Beunruhigt sah er von rechts nach links, konnte aber nichts Ungewöhnliches entdecken. Spielten ihm seine überreizten Nerven einen Streich?
"Was ist denn jetzt los?" Lariana hatte es auch bemerkt, also bildete er sich das nicht nur ein. "Schau mal … der Regen."
Sam konnte nichts erkennen. Immer noch klatschten die Regentropfen gegen die Windschutzscheibe und gewannen den Kampf gegen die abgenutzten Wischerblätter. Doch als er aus dem Seitenfenster sah, erschrak er. Da waren unzählige silbrig glänzende Tropfen, und sie schwebten in der Luft, als wären sie schwerelos.
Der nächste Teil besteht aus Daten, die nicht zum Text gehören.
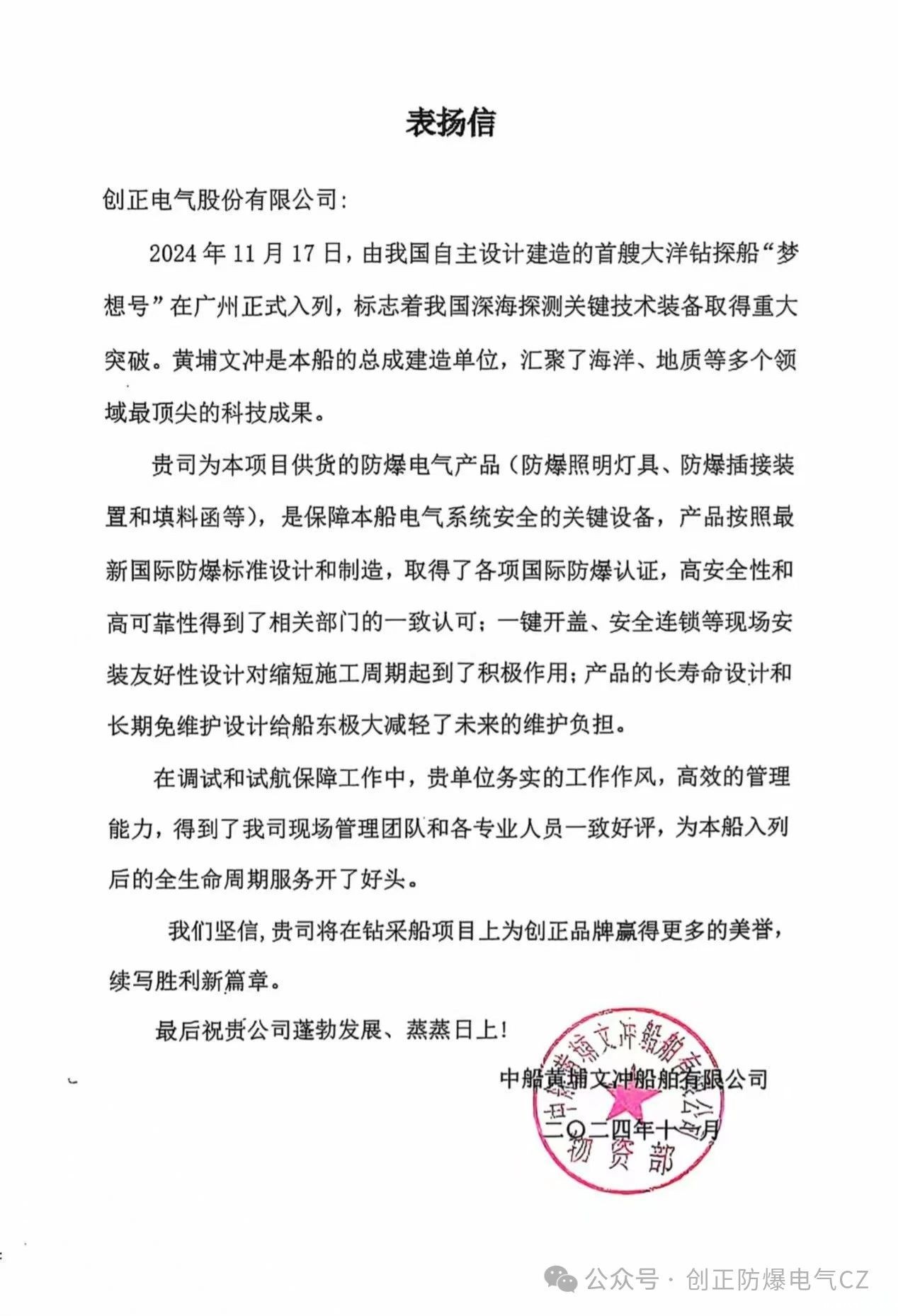 梦想”号海试成功并正式入列,中船黄埔文冲船舶有限公司物资部向我司发来感谢信,在“梦想”号建设过程中,对米兰app下载安装提供的高安全性和高可靠性的防爆电气产品以及专业高效服务能力表示好评。

Wie ein Perlenvorhang schwebten sie über dem Boden. Ein unheimliches Flimmern hatte sich um jeden einzelnen Tropfen gelegt und ließen sie leuchten wie Abermillionen Glühwürmchen. Und da fiel Sam endlich auf, was sich verändert hatte: Es war still geworden. Außer dem Quietschen des Scheibenwischers war nichts zu hören. Das Geräusch zerplatzender Regentropfen auf dem Blech des Autos war verstummt.
"Was zum …?!"
Lariana kurbelte das Seitenfenster herunter, um ihre Hand rauszustrecken. Das merkwürdige Phänomen beschäftigte sie deutlich mehr als Sams unberechenbarer Fahrstil.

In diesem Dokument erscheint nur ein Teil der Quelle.